Ce matin encore, l’UMP et l’image que ce parti donne de la politique.

C’est l’image de ce qu’il y a de plus détestable en politique : la triche, les manœuvres et les faux-semblants… mais surtout cette impression que Copé et Fillon sont dans l’incapacité totale de renoncer à accumuler les pouvoirs, quoi qu’il en coûte. Les militants UMP -qui travaillent bénévolement, défendent leurs idées, prennent de leur temps pour faire vivre le débat public- semblent être le cadet des soucis de ces deux monstres froids. Tous les Français observent ces professionnels de la politique, richement dotés de leurs indemnités de cumulards, dépenser le produit de l’argent public qui financent les partis (parce qu’il ne faut pas oublier que c’est avec l’argent du contribuable qu’ils caricaturent la politique).
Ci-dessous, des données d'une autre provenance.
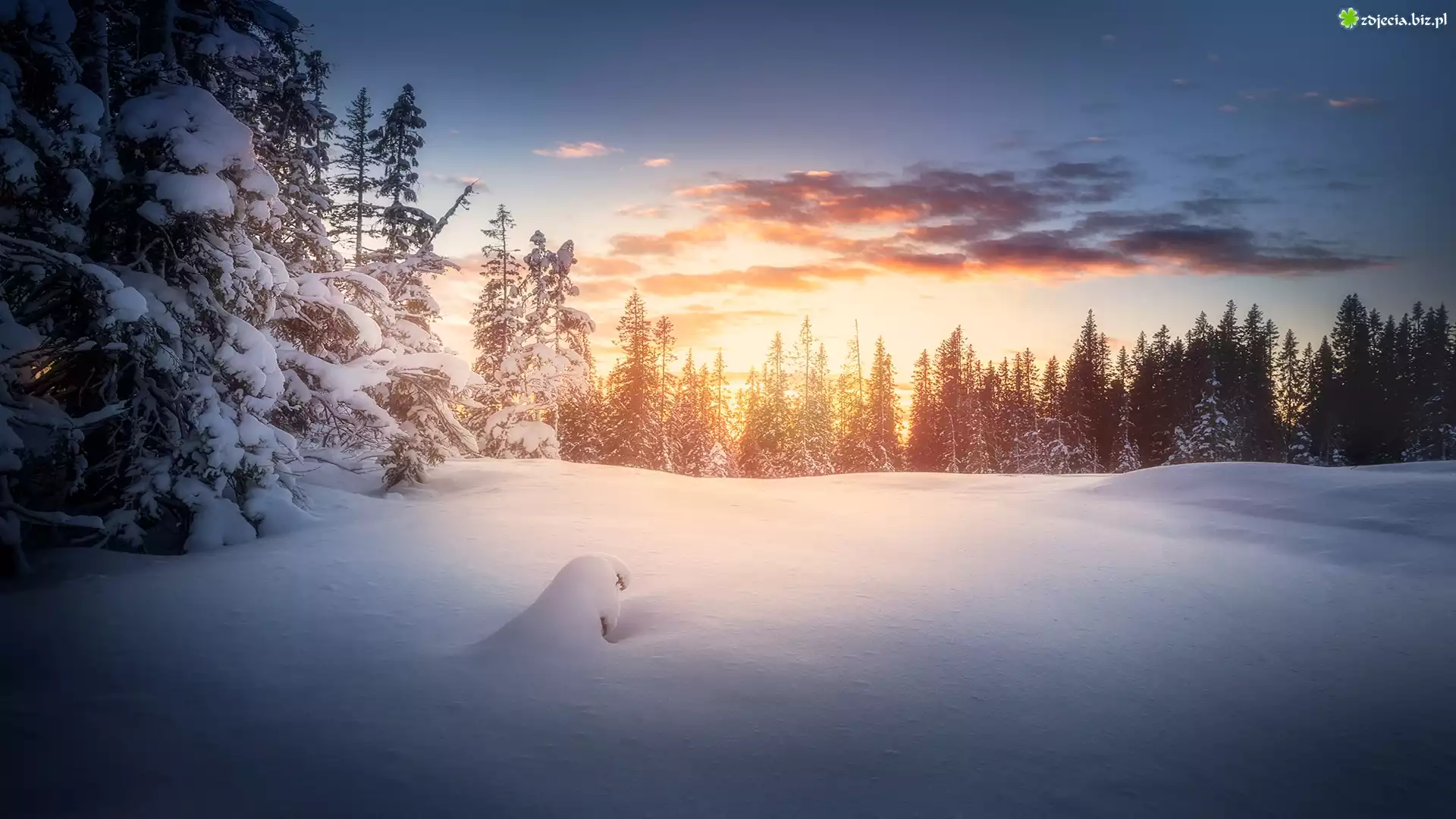 Zdjęcie Norwegia, Region Sør-Trøndelag, Miasto Trondheim, Bymarka, Zachód Słońca, Zima, Las, Drzewa, Chmury |

L’argent public et aussi les cotisations des 300.000 militants UMP qui ne sont pas tous des emperlousés de Neuilly, mais des retraités d’Evreux, des étudiants de Lyon, des agriculteurs d’Ardèche, des petits commerçants du Raincy. Ni Fillon, ni Copé (surtout pas Copé !) ne semblent songer à lâcher prise et dire : « on va travailler ensemble mais aucun de nous deux ne peut être président dans ces conditions ».

Le combat pour la conquête de l’appareil dans un parti sans culture démocratique, c’est forcément peu glorieux… ?

Oui et en plus maintenant ça ne peut plus se dérouler dans l’ombre. La conquête sarkozienne du pouvoir, de la prise de la mairie de Neuilly en 83 par trahison interne au sein de la majorité municipale, à la prise de l’UMP contre ses mentors fait office d’exemple et d’épopée fantastique pour cette génération de politiciens ! Dans ce monde de voraces et de carnassiers on se gargarise de victoires internes, de triomphes d’appareil. L’époque n’est pas épique, on a les gloires, les guerres et les conquêtes que l’on peut ! Dans ce monde de « mecs qui en ont » et qui ne cèdent rien, on répète à l’envi qu’on a obtenu tout ce que l’on détient avec les dents, en se battant, en l’arrachant aux autres, de son propre camp de préférence. Jean-François Copé est maire d’une grande ville, député, chargé de faire la loi et de contrôler le gouvernement, avocat d’affaires et il veut aussi être président de l’UMP, à tout prix ! François Fillon, député qui, pour le reste de sa vie, en tant qu’ancien Premier ministre aura à disposition une voiture, un chauffeur, « un garde du corps-policier-porte valise », un bureau, et une secrétaire veut, à tout prix que Copé ne soit pas président de l’UMP. Aucun de ces deux personnages, qui ambitionnent d’être un jour Président de la république, ne semblent pouvoir simplement imaginer, s’éloigner un peu de la cagnotte, se consacrer à ses multiples mandats et fonctions, donner un peu de temps aux autres, réfléchir aux idées politiques, lire, voyager, concevoir un programme, patiemment, travailler, conceptualiser… bref se préparer à proposer une vision de la France, du monde et de l’avenir aux futurs électeurs. Non, ils semblent vouloir d’abord contrôler leur parti, maîtriser les fédérations, les réseaux, les finances, les investitures, se constituer une armée d’obligés pour paver leur route vers l’Elysée à laquelle ils pensent depuis tout petit. Cette boulimie de pouvoir d’appareil ne passe plus à l’heure de la transparence, de l’info en continu et de l’aspiration à plus de simplicité et de proximité. Finalement la plus grosse faute politique de Copé et Fillon dans cette histoire c’est d’être tragiquement, désespérément, anachroniques.